(Beginning of Record set)

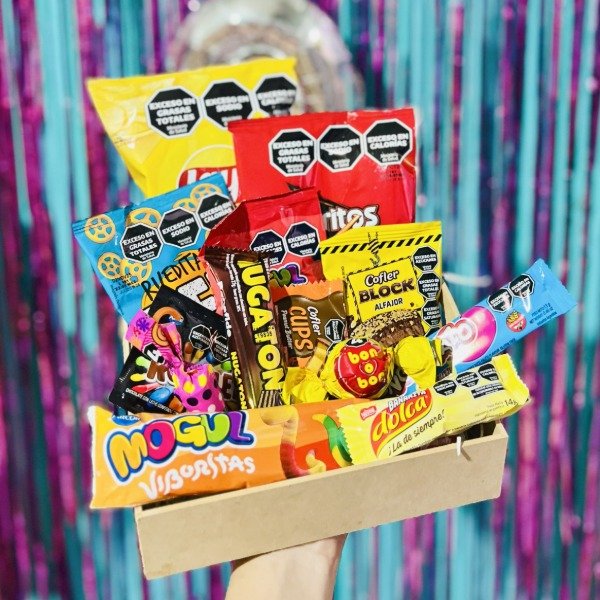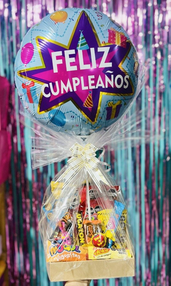 Bandeja de 20x21x8cm acompañada de dulces, chocolates y snacks + Globo Feliz cumpleaños (el modelo del globo puede modificarse según stock disponible)
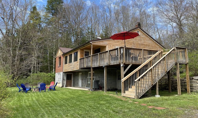 16 acre retreat located near Summersville Lake and short drive to Fayetteville and the New River Gorge. Property has many unique features such 1.5 acre pond and a butterfly meadow perfect to wander the afternoon away. Recently renovated to open the house up to have more open space and enjoy the new windows. Newly renovated bathrooms include a large soaking tub. Linens, towels, and other essentials provided for your stay.
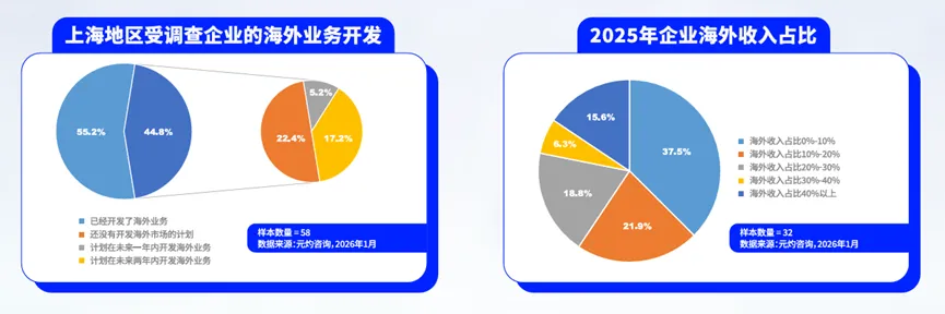 二、企业出海成为增长的重要引擎,上海地区受调查企业中超过半数已经有海外业务;海外收入已经成为企业重要的营收来源
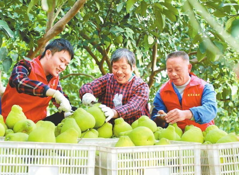 村民们采摘合江真龙柚。 卢海军 摄
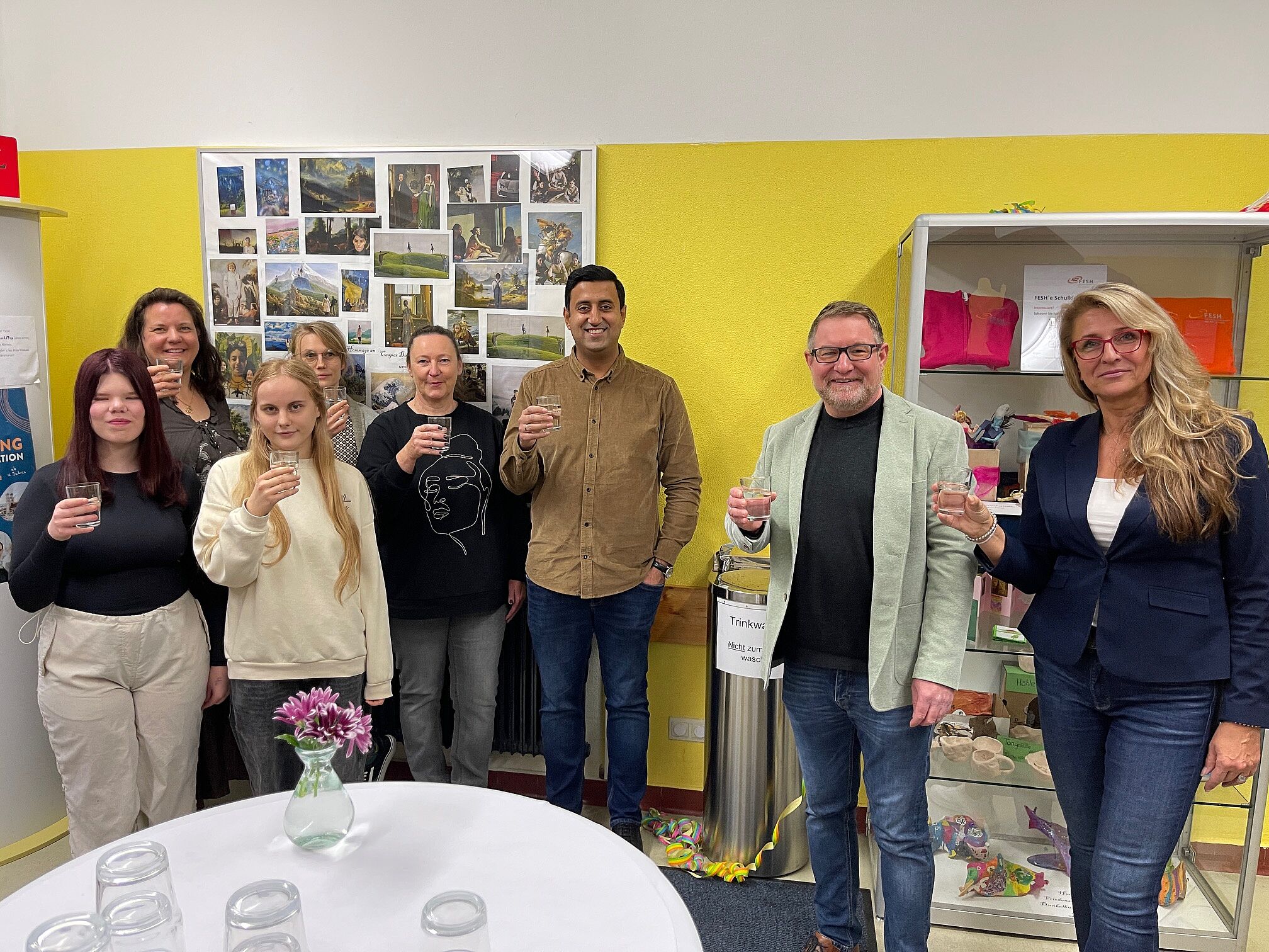 Eltern aus dem Freundes- und Ehemaligen-Verein der KGS, den „FESHen friends“, hatten die Idee, mit Unterstützung der Schulleitung im Foyer der KGS einen Trinkbrunnen zu installieren, damit die Schülerinnen und Schüler jederzeit ausreichend ganz frisches Wasser trinken und sich sogar ihre Trinkflaschen auffüllen können. Schon bald konnte sogar der Bezirksrat des Stadtbezirks Bothfeld-Vahrenheide dafür gewonnen werden, das Vorhaben finanziell zu unterstützen, so dass es zügig umgesetzt wurde.
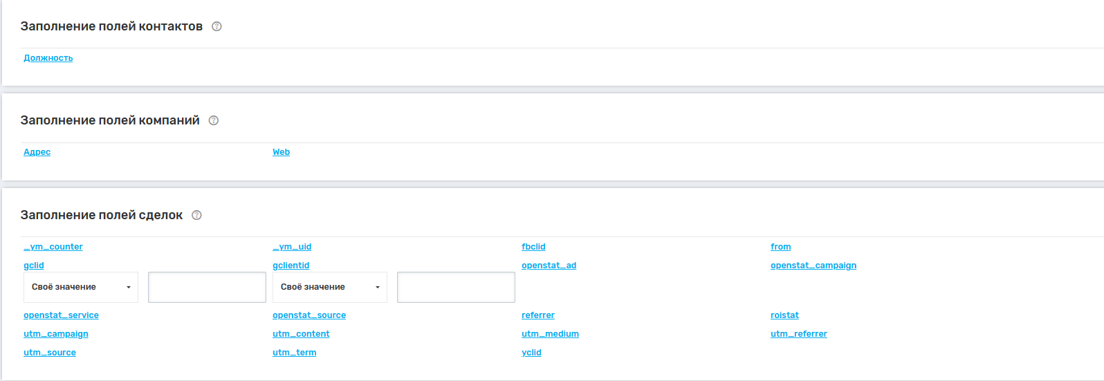 2. Заполнение полей контактов, сделок, лидов
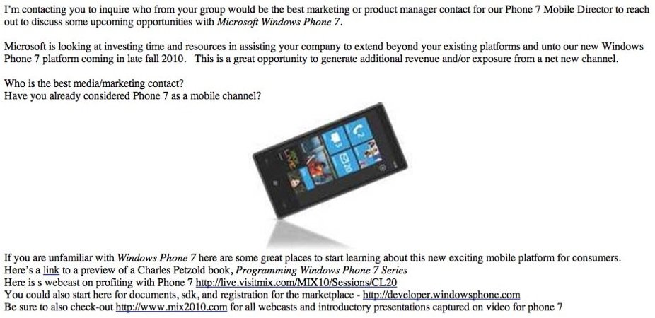 Microsoft sta cercando di investire tempo e risorse per aiutare la vostra azienda ad estendersi oltre le piattaforme esistenti e verso il nuovo Windows 7 Phone, in arrivo nel tardo autunno del 2010. Questa è una grande opportunità per generare entrate supplementari e/o l’esposizione in canali ed ambienti totalmente nuovi.
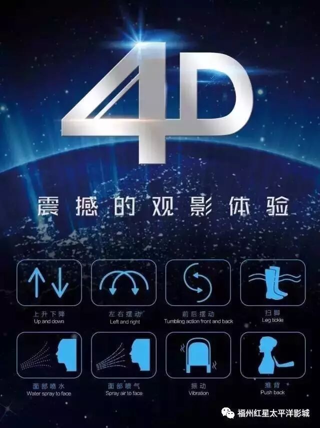 4D影院也被人们称为特效影院,4D影院特效系统分为4D动感座椅特效系统及环境特效系统.4D动感座椅特效有低频振动、升降、扫腿、耳风、喷水、滚珠、捅背等;环境特效有风、雨、雷、电、烟雾、雪花、泡泡等。
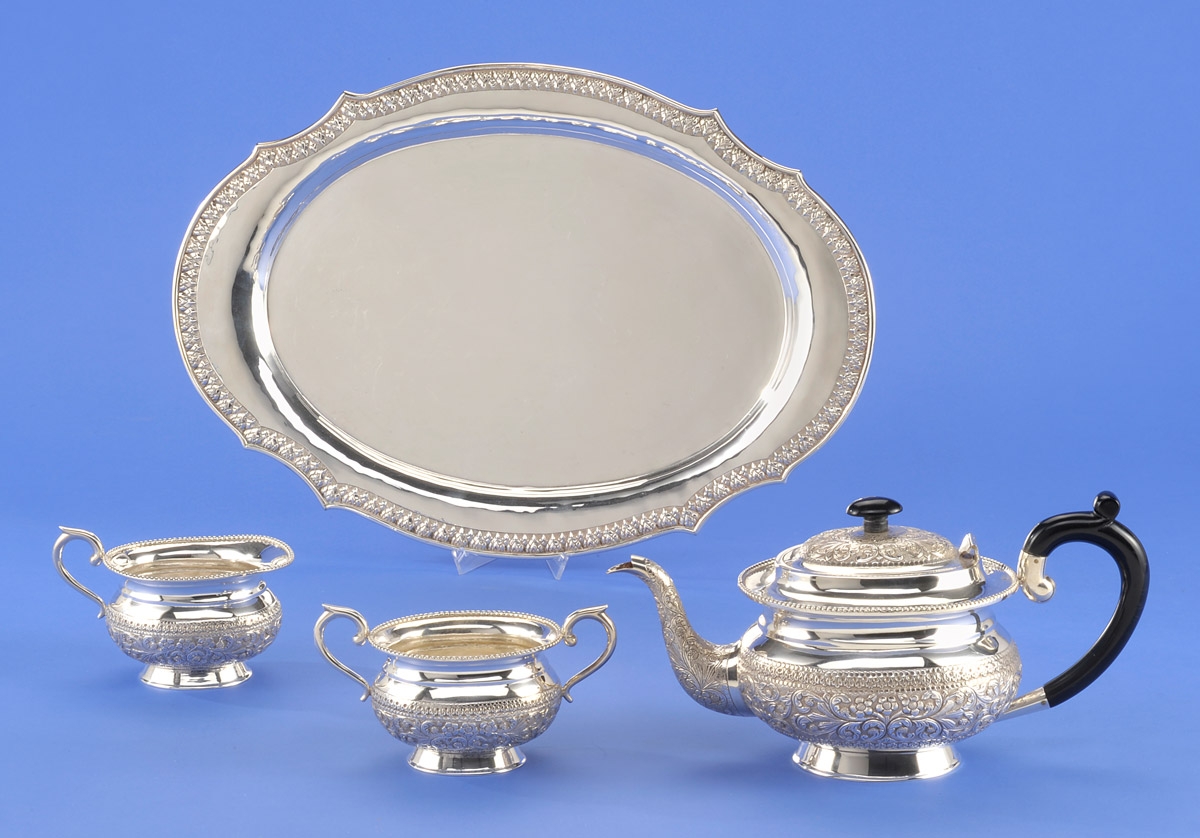 923Teeservice Vier Teile Reliefdekor im persischen Stil. Marken. 925-Feingehalt, zus. 2179 g. 300 EUR |
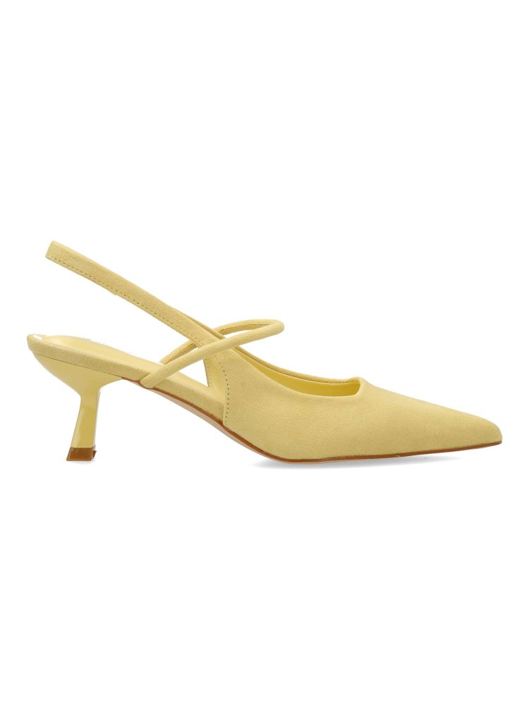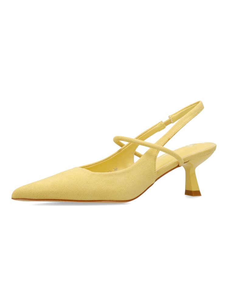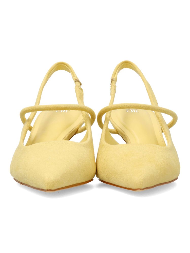 Zapato salón de mujer, con puntera fina, destalonado y tira al empeine. Fabricado en antelina aterciopelada. Planta acolchada. Color amarillo. Tacón fino de 5,5 cm. de altura. Modelo cómodo y elegante, ideal para fiestas, eventos y celebraciones.
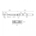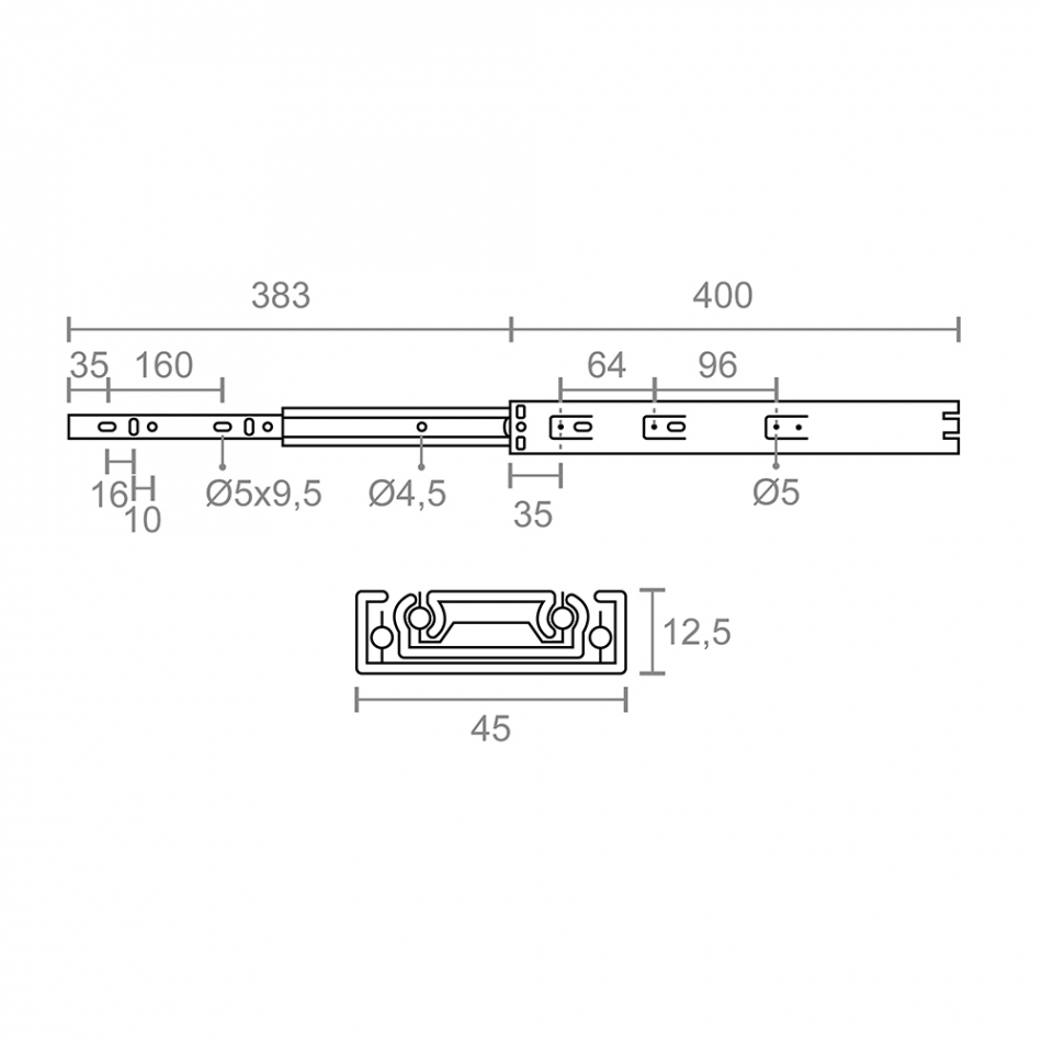 Juego de guia telescópica de cajón en acero 400mm. dimensiones: 45x12,5mm (ancho/alto). de extracción total con sistema de freno mediante amortiguador especial de goma. montaje del cajón mediante tornillos. carga máxima de 45kg. dispone de gatillo lateral para desmontaje. incluye codigo de barras individual. acabado zincado. micel

(End of Record set)

[Work to be completed] Restate the data word for word from its first line through the line with "Zapato salón de", leaving out any picture along the way.

[Solution to this exercise]
 Bandeja de 20x21x8cm acompañada de dulces, chocolates y snacks + Globo Feliz cumpleaños (el modelo del globo puede modificarse según stock disponible)
 16 acre retreat located near Summersville Lake and short drive to Fayetteville and the New River Gorge. Property has many unique features such 1.5 acre pond and a butterfly meadow perfect to wander the afternoon away. Recently renovated to open the house up to have more open space and enjoy the new windows. Newly renovated bathrooms include a large soaking tub. Linens, towels, and other essentials provided for your stay.
 二、企业出海成为增长的重要引擎,上海地区受调查企业中超过半数已经有海外业务;海外收入已经成为企业重要的营收来源
 村民们采摘合江真龙柚。 卢海军 摄
 Eltern aus dem Freundes- und Ehemaligen-Verein der KGS, den „FESHen friends“, hatten die Idee, mit Unterstützung der Schulleitung im Foyer der KGS einen Trinkbrunnen zu installieren, damit die Schülerinnen und Schüler jederzeit ausreichend ganz frisches Wasser trinken und sich sogar ihre Trinkflaschen auffüllen können. Schon bald konnte sogar der Bezirksrat des Stadtbezirks Bothfeld-Vahrenheide dafür gewonnen werden, das Vorhaben finanziell zu unterstützen, so dass es zügig umgesetzt wurde.
 2. Заполнение полей контактов, сделок, лидов
 Microsoft sta cercando di investire tempo e risorse per aiutare la vostra azienda ad estendersi oltre le piattaforme esistenti e verso il nuovo Windows 7 Phone, in arrivo nel tardo autunno del 2010. Questa è una grande opportunità per generare entrate supplementari e/o l’esposizione in canali ed ambienti totalmente nuovi.
 4D影院也被人们称为特效影院,4D影院特效系统分为4D动感座椅特效系统及环境特效系统.4D动感座椅特效有低频振动、升降、扫腿、耳风、喷水、滚珠、捅背等;环境特效有风、雨、雷、电、烟雾、雪花、泡泡等。
 923Teeservice Vier Teile Reliefdekor im persischen Stil. Marken. 925-Feingehalt, zus. 2179 g. 300 EUR |
 Zapato salón de mujer, con puntera fina, destalonado y tira al empeine. Fabricado en antelina aterciopelada. Planta acolchada. Color amarillo. Tacón fino de 5,5 cm. de altura. Modelo cómodo y elegante, ideal para fiestas, eventos y celebraciones.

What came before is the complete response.